The band seemed genuinely surprised by the reaction and stated that they had not meant the design to cause controversy and that it was simply intended to reflect the theme of the song. There was concern over reports that Radio One might decide ban it. Possibly with this in mind, a statement was released announcing that the sleeve would be withdrawn once the initial pressing had sold out.

Newspaper clippings (click to enlarge):

Date

Formats and catalogue numbers

Notes

25 September 1995

CD1 - CID620

CD2 - CIDX620

Cassette - CIS620

Original UK release

CD1 (Mis-shapes & Sorted For E's & Wizz):

  1. Mis-shapes (3:46)
  2. Sorted For E's & Wizz (3:42)
  3. P.T.A. (Parent Teacher Association) (3:17)
  4. Common People (live at Glastonbury) (7:36)

CD2 (Sorted For E's & Wizz & Mis-shapes):

  1. Sorted For E's & Wizz (3:42)
  2. Mis-shapes (3:46)
  3. Common People (Motiv 8 Club Mix) (7:51)
  4. Common People (Vocoda Mix) (6:18)

Cassette:

  1. Mis-shapes (3:46)
  2. Sorted For E's & Wizz (3:42)

14 July 2023

Streaming and digital download

Newly uploaded to streaming services as Mis-Shapes & Sorted For E's & Wizz EP, with a scan of the CD2 artwork; the fifth of a series of Island Records-era EPs to be reissued to coincide with the 2023 tour.

Tracklisting:

  1. Mis-shapes (3:46)
  2. Sorted For E's & Wizz (3:39)
  3. P.T.A. (Parent Teacher Association) (3:15)
  4. Common People (Live Glastonbury Festival) (7:36)
  5. Common People (Motiv 8 Club Mix) (7:50)
  6. Common People (Vocoda Mix) (6:20)

Sleeve credits

Notes

The single versions of the two A-sides are different to the album mixes, though no mention is made of this on the sleeves.

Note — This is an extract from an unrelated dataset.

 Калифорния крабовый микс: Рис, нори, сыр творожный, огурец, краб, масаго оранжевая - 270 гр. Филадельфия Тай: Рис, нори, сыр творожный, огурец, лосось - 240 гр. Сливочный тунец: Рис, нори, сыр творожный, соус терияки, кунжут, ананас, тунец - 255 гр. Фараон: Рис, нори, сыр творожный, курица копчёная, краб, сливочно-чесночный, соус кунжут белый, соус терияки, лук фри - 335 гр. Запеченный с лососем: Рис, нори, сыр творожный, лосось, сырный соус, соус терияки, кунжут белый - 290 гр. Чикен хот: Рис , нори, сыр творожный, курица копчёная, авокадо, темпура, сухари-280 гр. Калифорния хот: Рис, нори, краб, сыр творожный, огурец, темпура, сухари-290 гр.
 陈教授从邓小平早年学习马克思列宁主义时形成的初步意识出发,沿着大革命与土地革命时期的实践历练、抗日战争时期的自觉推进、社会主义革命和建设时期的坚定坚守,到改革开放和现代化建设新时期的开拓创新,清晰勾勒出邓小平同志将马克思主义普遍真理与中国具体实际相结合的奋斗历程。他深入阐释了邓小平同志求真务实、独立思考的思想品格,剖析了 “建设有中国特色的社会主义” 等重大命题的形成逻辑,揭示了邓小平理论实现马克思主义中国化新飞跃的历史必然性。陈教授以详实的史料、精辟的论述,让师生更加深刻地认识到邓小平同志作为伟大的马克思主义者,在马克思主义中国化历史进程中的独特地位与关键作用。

Mis-Shapes starts without the whoosh heard on the album, replaces the lyric "bleeding" with "very", and ends with a slightly longer fade out, with a notable extra high-pitched whine. Sorted for E's & Wizz starts with a shorter version of the high-pitched sound than the album (the crowd noise starts at 0:04 rather than 0:08), replaces "fucked" with "mashed", and ends with a slightly extended fade to silence. Both tracks run fractionally faster (likely just a consequence of being transfered from analogue tape masters; they are 0.4 and 0.5 seconds shorter than the album versions respectively) and have their stereo fields swapped.

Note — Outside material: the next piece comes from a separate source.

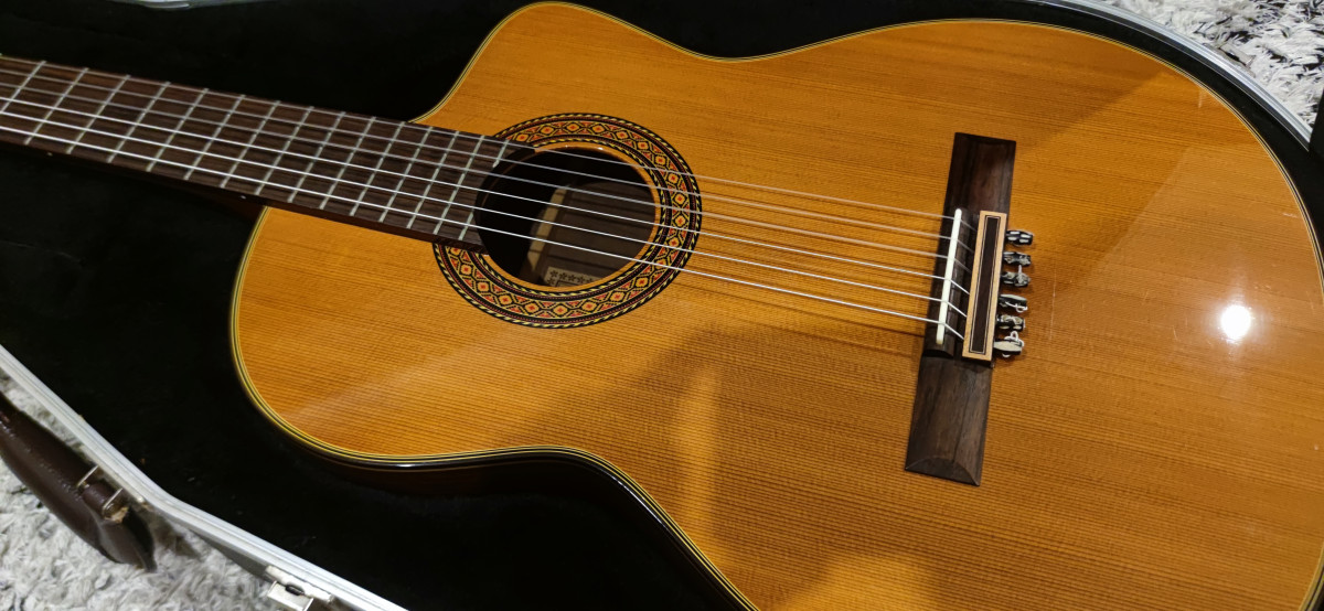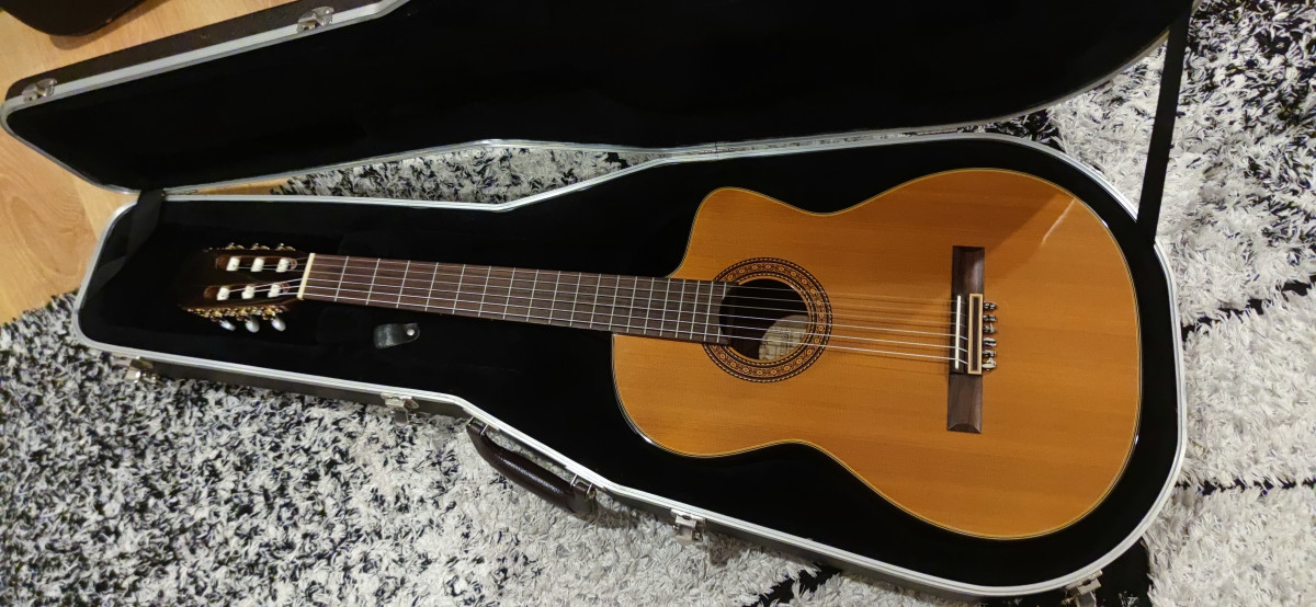 Guitarra clásica de nylon con cutaway, tapa de cedro sólido y aros/fondo de caoba. Sonido cálido, definido y con mucha proyección.
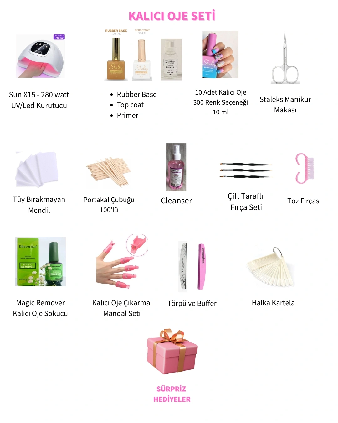 Bu set, hem kişisel kullanım hem de salon uygulamaları için idealdir. Ayrıca sürpriz hediye kutusu ile birlikte gelmektedir.

The 2023 digital EP erroneously copied Mis-Shapes and Sorted for E's & Wizz from the Different Class album, though these will hopefully be replaced with the single versions at a later date.

Sleeve notes

Mis-shapes

We shall fight them in "The Beeches" - and "The Stag" and "The King's Head" if it comes to that.
You know the score - ten blokes with 'taches in short-sleeved white shirts telling you that you're the weirdo.
Fear not brothers and sisters - we shall prevail. Live on.

Sorted For E's & Wizz

The summer of '89: Centreforce FM, Santa Pod, Sunrise 5000, "Ecstasy Airport", ride the white horse, the strings of life, dancing at motorway service stations, falling asleep at the wheel on the way home. There's so many people - it's got to mean something, it needs to mean something, surely it must mean something.
It didn't mean nothing.

Other versions

7" vinyl release (November 1996)

  • Catalogue number: IS620
  1. Sorted For E's & Wizz
  2. Mis-shapes

Charts and sales

UK Singles Chart

Peak position: 2 (2 weeks)

Weeks

Last appearance

Top 10

3

21 October 95

Top 20

4

28 October 95

Top 40

5

4 November 95

Top 75

11

13 January 96

UK Sales Awards

Award

Copies sold*

Date

Silver

200,000

25 September 95

* Awards are based on wholesale rather than retail sales.

Press

Separate page here.

Reviews

Melody Maker, 16th September 1995:

Single of the week

Jarvis, we salute you!

Yeah. Already, you can see it in their eyes, hear it in their jibes. There are people plotting and planning, growing tired and impatient, implying that the time is ripe for a Pulp backlash. But, in our house, we still worship at the shrine to the Pulp-People (admittedly, a pretty poor shrine: some autographed fan-club postcards, a badge and a pathetic square of Jarvis-suit - but the thought's there, right?). And this double A-side is ace!

"Sorted for E's and Whizz" is Captain Jarvis coming over all melancholic about the rave experience: "In the middle of the night / It feels all right / But tomorrow morning / Ooh / Then you come down."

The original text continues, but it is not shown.